## How to complete this task:
Every line of the material is to be transcribed verbatim, with images omitted.

## Provided material:
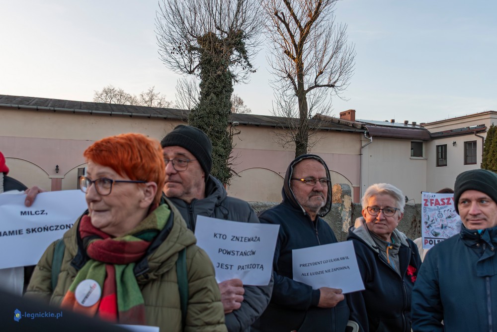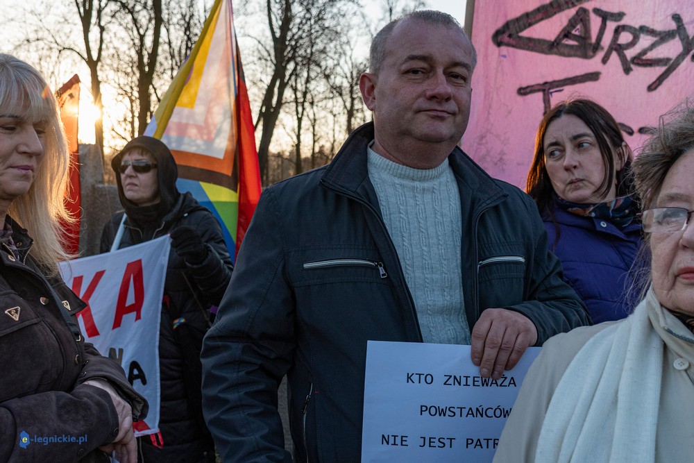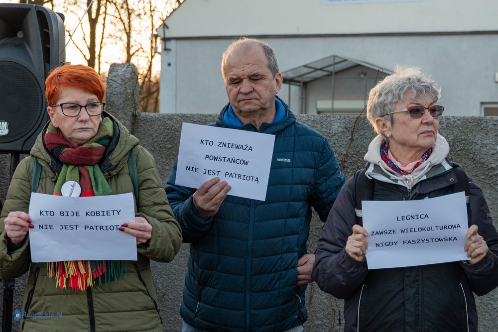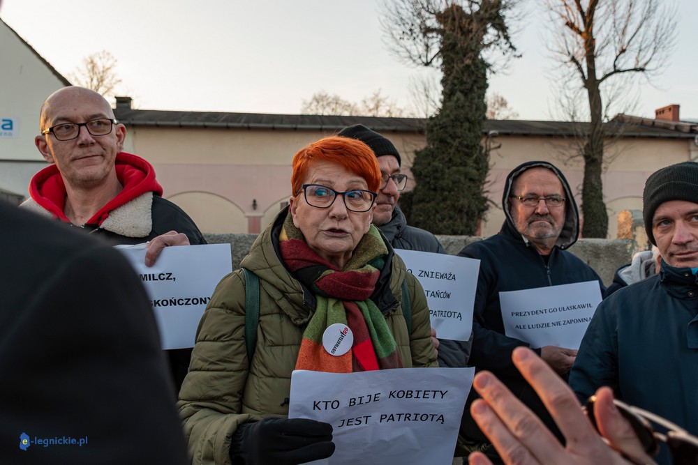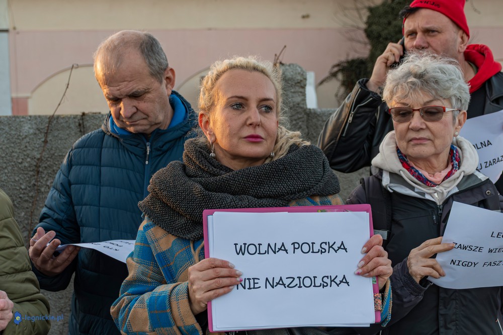 Na miejscu pikiety było wielu policjantów dowodzonych osobiście przez Zastępca Komendanta Miejskiego Policji w Legnicy nadkomisarza Kamila Piaseckiego. I trzeba przyznać, że profesjonalna postawa właśnie policji zarówno służb mundurowanych jak i licznych policjantów operacyjnych po cywilnemu, zapobiegała narastaniu emocji i eskalacji nienawiści. Z grupy pikietujących wylegitymowano i spisano dwie osoby: jeden z protestujących był wbrew ustawie o zgromadzeniach zamaskowany, a drugi - co jest niepokojące i godne potępienia - kierował groźby karalne pod adresem Joanny Śliwińskiej-Łokaj.
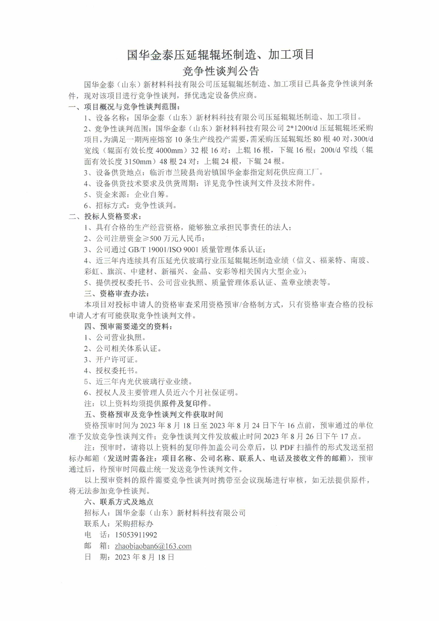 国华金泰压延辑辊坏制造、加工项目 竞争性谈判公告
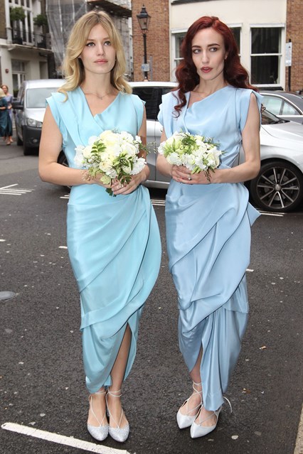 Other fabulous members of the wedding party had to be the bride’s bridesmaids – and daughters – fellow models Lizzie and Georgia May Jagger. But while their gowns matched their mother’s in style, their expressions did not (although Lizzie seemed to enjoy herself as she sucked on a sneaky fag later on in the day).

## Solution for this problem:
 Na miejscu pikiety było wielu policjantów dowodzonych osobiście przez Zastępca Komendanta Miejskiego Policji w Legnicy nadkomisarza Kamila Piaseckiego. I trzeba przyznać, że profesjonalna postawa właśnie policji zarówno służb mundurowanych jak i licznych policjantów operacyjnych po cywilnemu, zapobiegała narastaniu emocji i eskalacji nienawiści. Z grupy pikietujących wylegitymowano i spisano dwie osoby: jeden z protestujących był wbrew ustawie o zgromadzeniach zamaskowany, a drugi - co jest niepokojące i godne potępienia - kierował groźby karalne pod adresem Joanny Śliwińskiej-Łokaj.
 国华金泰压延辑辊坏制造、加工项目 竞争性谈判公告
 Other fabulous members of the wedding party had to be the bride’s bridesmaids – and daughters – fellow models Lizzie and Georgia May Jagger. But while their gowns matched their mother’s in style, their expressions did not (although Lizzie seemed to enjoy herself as she sucked on a sneaky fag later on in the day).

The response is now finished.